*Work item*: Below are some records; give them all again exactly, but not the pictures.

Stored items
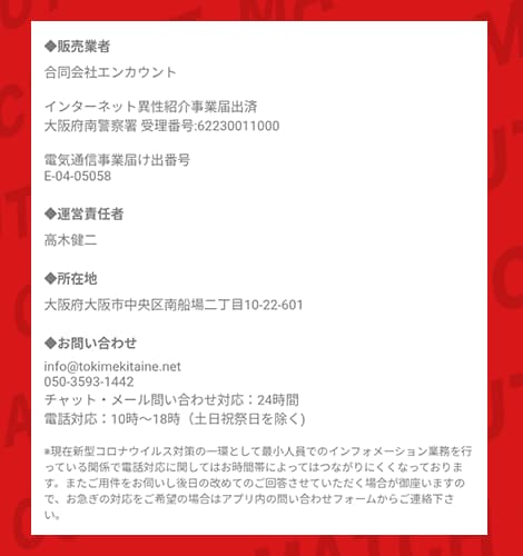 というわけで、ここではトキメキの特定商取引法表記や、各種届け出について、実際に確認した内容をまとめていくぞ。
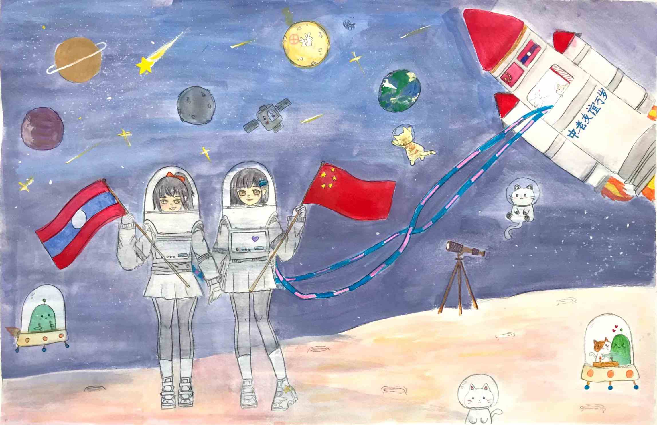 航天日绘画作品《相亲相爱的我们》,老挝瓦蕾婉·彭马拉
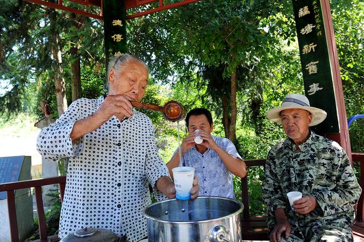 “凉茶奶奶”徐桂梅37年如一日给路人送茶,成为当地佳话。 (张大乐 摄)
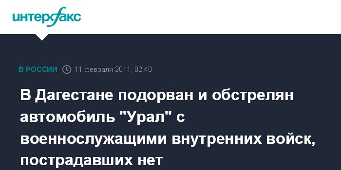 "Около 22:00 мск в четверг на автодороге Кизляр - Кориновка сработало взрывное устройство в момент прохождения бронированного "Урала" с военнослужащими внутренних войск, которые следовали для охраны железнодорожного полотна", - сказал собеседник агентства.
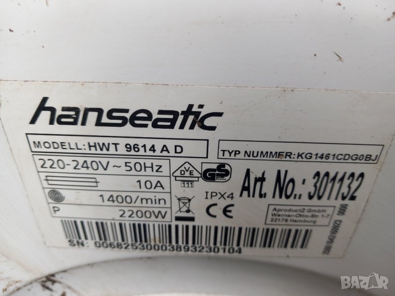 Продавам на части пералня със сушилня Hanseatic HWT 9614 → Обява 43532278
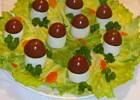Ja też zrobiłam te grzybki, tylko bez nadzienia same jajka, kapelusze ciełam od tej węższej strony, bo na tej grubszej były takie wgniecenia i te kapelusze by nie wyglądały tak jak powinny, gdyby za nóżkę grzybka dać całe jajko, a za kapelusz dodać 1/2 jajka, byłyby większe.

*Task output*:
 というわけで、ここではトキメキの特定商取引法表記や、各種届け出について、実際に確認した内容をまとめていくぞ。
 航天日绘画作品《相亲相爱的我们》,老挝瓦蕾婉·彭马拉
 “凉茶奶奶”徐桂梅37年如一日给路人送茶,成为当地佳话。 (张大乐 摄)
 "Около 22:00 мск в четверг на автодороге Кизляр - Кориновка сработало взрывное устройство в момент прохождения бронированного "Урала" с военнослужащими внутренних войск, которые следовали для охраны железнодорожного полотна", - сказал собеседник агентства.
 Продавам на части пералня със сушилня Hanseatic HWT 9614 → Обява 43532278
Ja też zrobiłam te grzybki, tylko bez nadzienia same jajka, kapelusze ciełam od tej węższej strony, bo na tej grubszej były takie wgniecenia i te kapelusze by nie wyglądały tak jak powinny, gdyby za nóżkę grzybka dać całe jajko, a za kapelusz dodać 1/2 jajka, byłyby większe.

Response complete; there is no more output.